■ What you have to do
Reproduce the lines below exactly, from the one containing "車椅子バスケットボール" through the one containing "El veterano general", both included. Leave out any pictures.

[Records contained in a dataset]
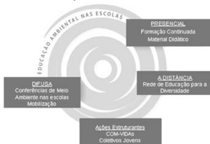
Figura 1. Representação sobre as ações de Educação Ambiental desenvolvidas nas Escolas, por parte dos Ministérios da Educação e do Meio Ambiente.
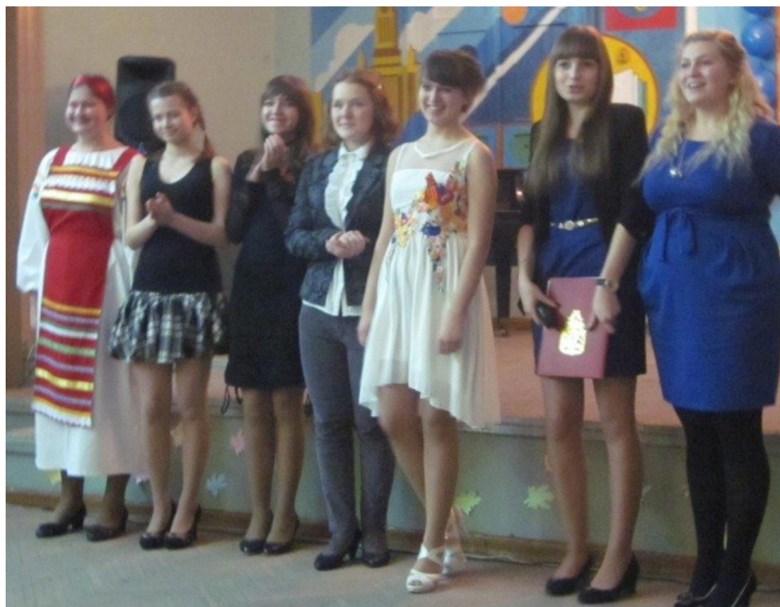
Артисты и ведущие мероприятия
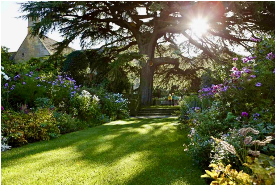
Figur 12. Vy från cirkeln på Hidcote, genom den gamla trädgården med dahlior, rosor och stjärnflocka samt cederträdet som ett blickfång ovanför trapporna. Trädet är medvetet placerat på sidan av gången (National Trust, u.å.).

På Waddesdon innehåller tapetgrupperna ofta tulpaner på våren medan sommarens blommor är begonior, pelargoner och lobelia enligt Rothchild foundation (2026). Vårblommor i planteringarna är krokus och narciss. Blommorna byts ut flera gånger under året för att anpassa efter säsongen och för att alltid vara dekorativa (Rothchild foundation, 2026). Planteringarna skiljer sig därmed från Hidcote, där tapetgrupper inte används på samma sätt. Hidcote har främst perennkompositioner med en stor variation i form, färg och växtsätt, vilket ger ett mer livfullt och informellt uttryck i jämförelse (National Trust, u.å.).
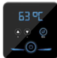
Стильная панель управления

Система самодиагностики: выводит на дисплей сообщения об ошибках, а их расшифровка есть в руководстве по эксплуатации.
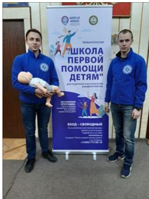
ролл-ап ролл-ап для добровольцев из Краснодарского края
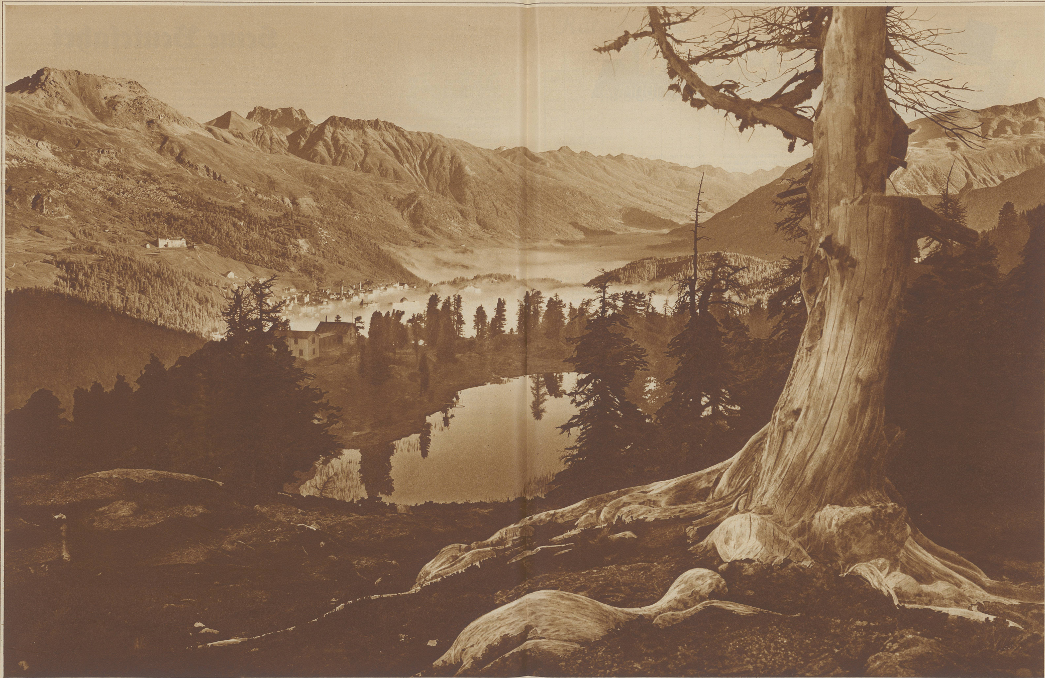
HERBSTSTIMMUNG ÜBER DEM ENGADIN * BLICK VOM HAHNENSEE AUF ST. MORITZ
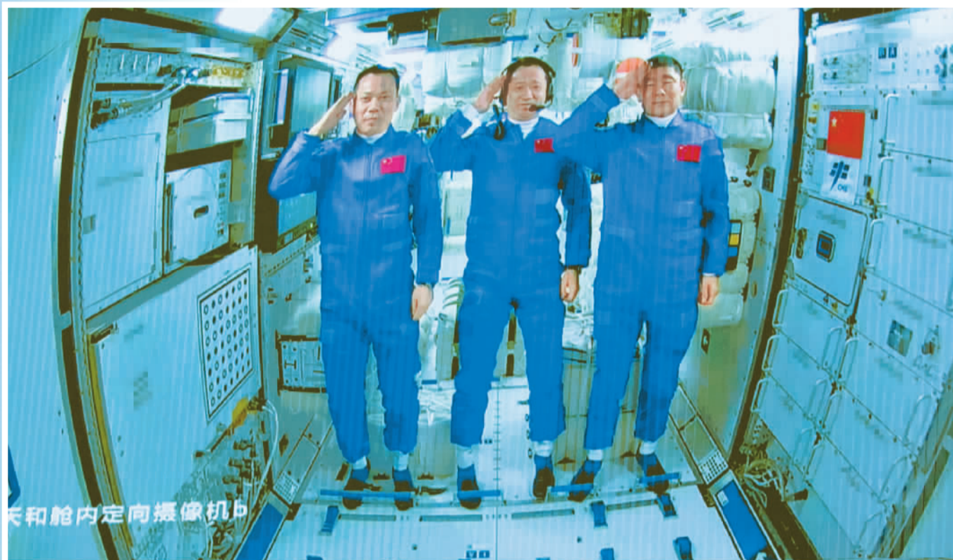
天和舱内定向摄像机B
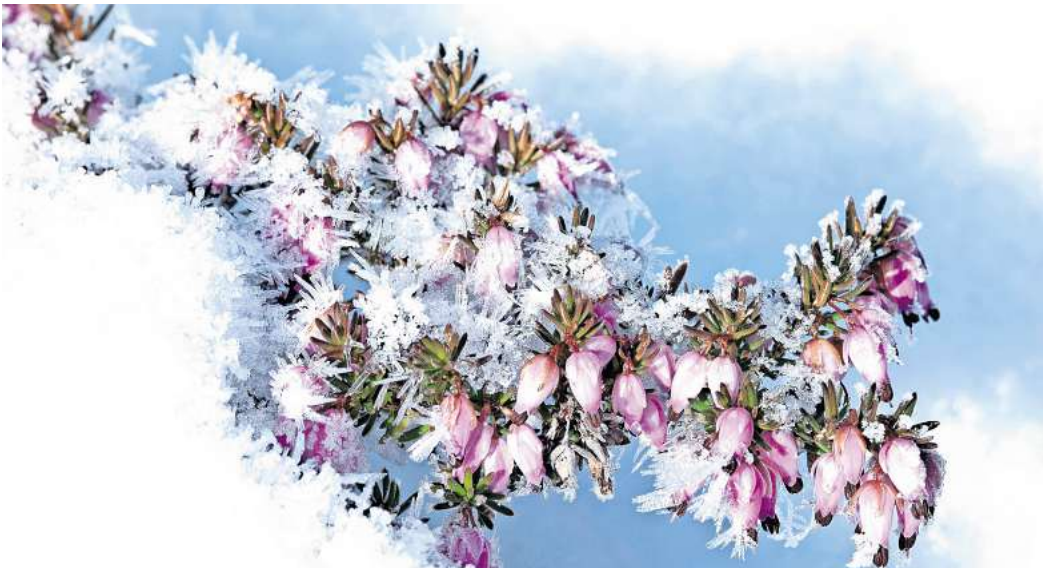
Schön als Bodendecker: Die Winterheide oder Schneeheide wird als immergrüner Zwergstrauch maximal 50 Zentimeter hoch.

Der Seidelbast (Daphne mezereum) hat viele rosa- bis fliederfarbene Blüten, die in Büscheln an den Zweigenden wachsen. Er
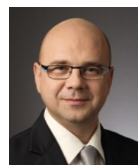
Bartłomiej Chmielowiec Rzecznik Praw Pacjenta
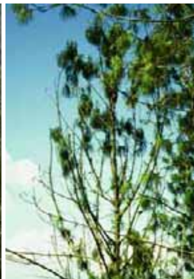
1.8 Deficiencia de boro, una condición reconocida en Pinus patula . Colombia.
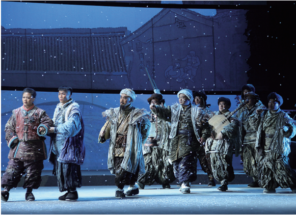
陕西演艺集团现代京剧《风雨老腔》
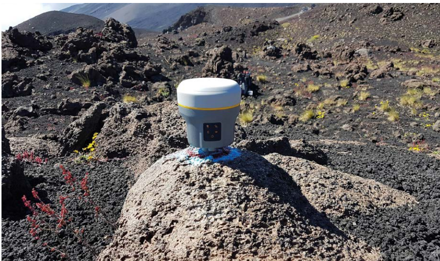
Récepteur GNSS Trimble R10
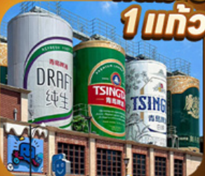
“พิพิธภัณฑ์เบียร์ชิงเต่า”

เสน่ห์เมืองชายฝั่งจินตตอนเหนือ • เวบีสระวันออก • เก็บผลไม้ ณ สวนต้าเหลียน เมืองเหยียนโต • ท่าเรือไห่ซาง ปลายวาฟกยตัน • เมืองเฝิงไหล • แปดเซียนข้ามทะเล เมืองเว่ยไห่ • ถนนคอบเพลิงเลว 8 • ซากเรือบลูเวย์ • Korean Town • หมู่บ้านซาจื่อโจว สะพานจันเจียว • โบสถ์เซนต์โมเคลิ • พิพิธภัณฑ์เบียร์ชิงเต่า • อ่าวฝูซานวาน
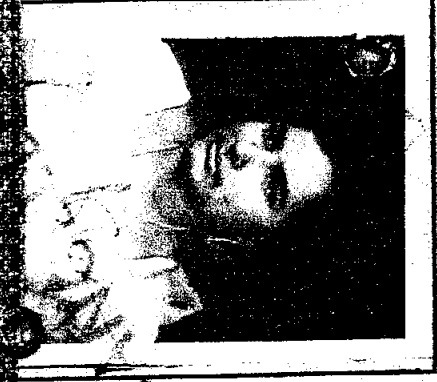
आरेक की पत्नी WIFE

I-694762 आरेक की फोटो PHOTOGRAPH OF BEARER
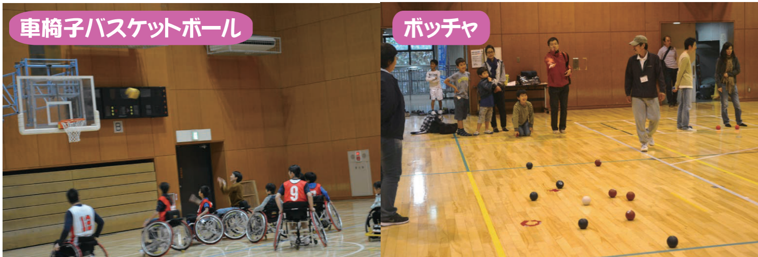
車椅子バスケットボール
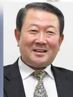
조직위원장 박 주 선 전 국회의부의장
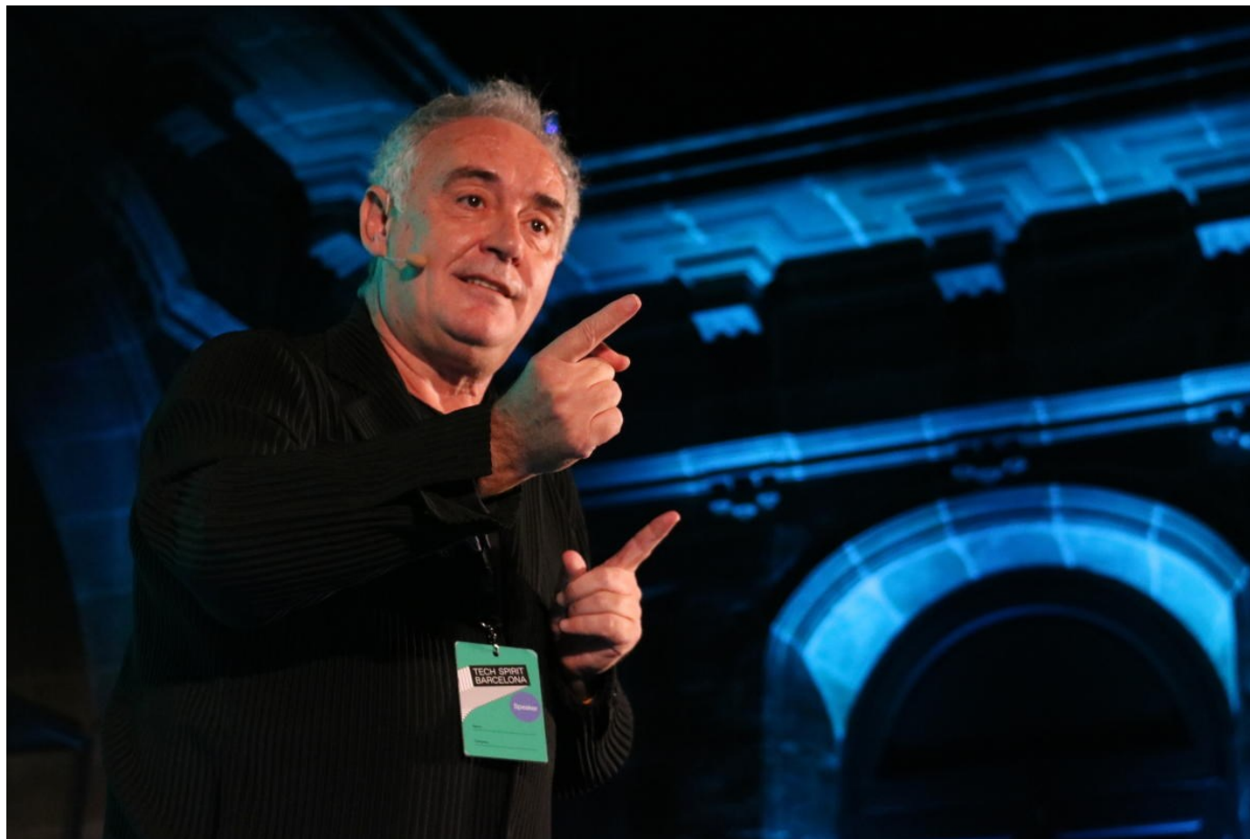
El responsable d'El Bulli Foundation, Ferran Adrià, al Tech Spirit a la Llotja de Mar, el 25 de febrer del 2020.

Ferran Adrià ha anunciat aquest dissabte, 31 d'octubre, la segona convocatòria de professionals per poder treballar a elBulli1846, el seu nou projecte de la cala Montjoi de Roses. Les bases estan penjades a la pàgina web de la fundació i els aspirants podran apuntar-se des d'aquest diumenge 1 de novembre fins el 15 de desembre.
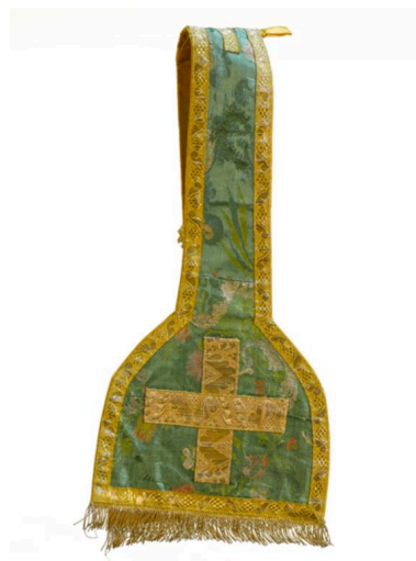
vue générale du manipule IVR83_20136300377NUC4A
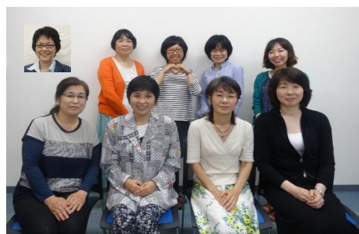
予想外のニュースに、思わず保健師職能委員で写真を撮ってみました☆
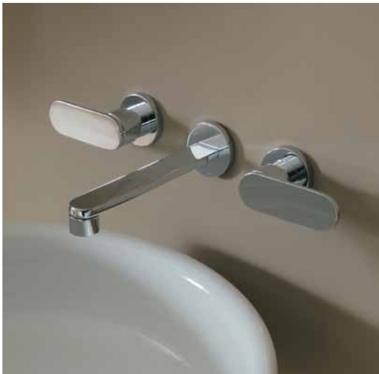
One art. 113060
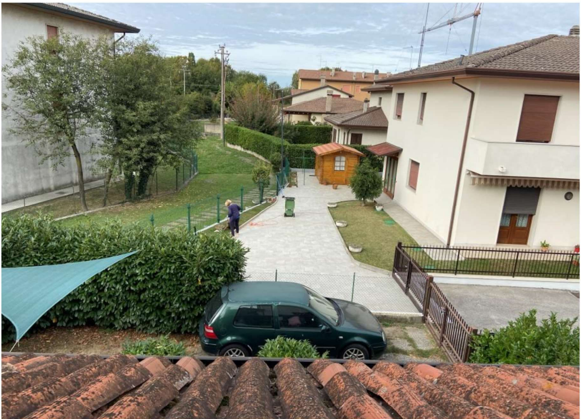
FOTO 11 ESTRENO DAL PRIMO PIANO VERSO L'ACCESSO
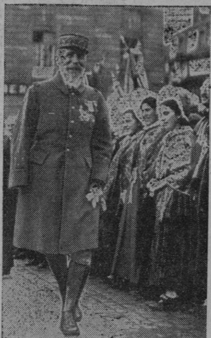
El veterano general Gouraud pasa revista a marciales soldados, sino a Ajaccio (Córcega), en cuya isla han tenido lugar demostraciones antitalianas con ocasión del XX aniversario de la entrada de las tropas francesas en Strassburgo después del armisticio

Estocolmo.—Se anuncia que aproximadamente 170 voluntarios escandinavos se encuentran en viaje de regreso a España, vía Dunkerque. El número de suecos que hoy en la España roja asciende a 87 muertos y además a 100 heridos suecos que están en los hospitales de Vitoria.

■ Final answer
車椅子バスケットボール
조직위원장 박 주 선 전 국회의부의장
El responsable d'El Bulli Foundation, Ferran Adrià, al Tech Spirit a la Llotja de Mar, el 25 de febrer del 2020.

Ferran Adrià ha anunciat aquest dissabte, 31 d'octubre, la segona convocatòria de professionals per poder treballar a elBulli1846, el seu nou projecte de la cala Montjoi de Roses. Les bases estan penjades a la pàgina web de la fundació i els aspirants podran apuntar-se des d'aquest diumenge 1 de novembre fins el 15 de desembre.
vue générale du manipule IVR83_20136300377NUC4A
予想外のニュースに、思わず保健師職能委員で写真を撮ってみました☆
One art. 113060
FOTO 11 ESTRENO DAL PRIMO PIANO VERSO L'ACCESSO
El veterano general Gouraud pasa revista a marciales soldados, sino a Ajaccio (Córcega), en cuya isla han tenido lugar demostraciones antitalianas con ocasión del XX aniversario de la entrada de las tropas francesas en Strassburgo después del armisticio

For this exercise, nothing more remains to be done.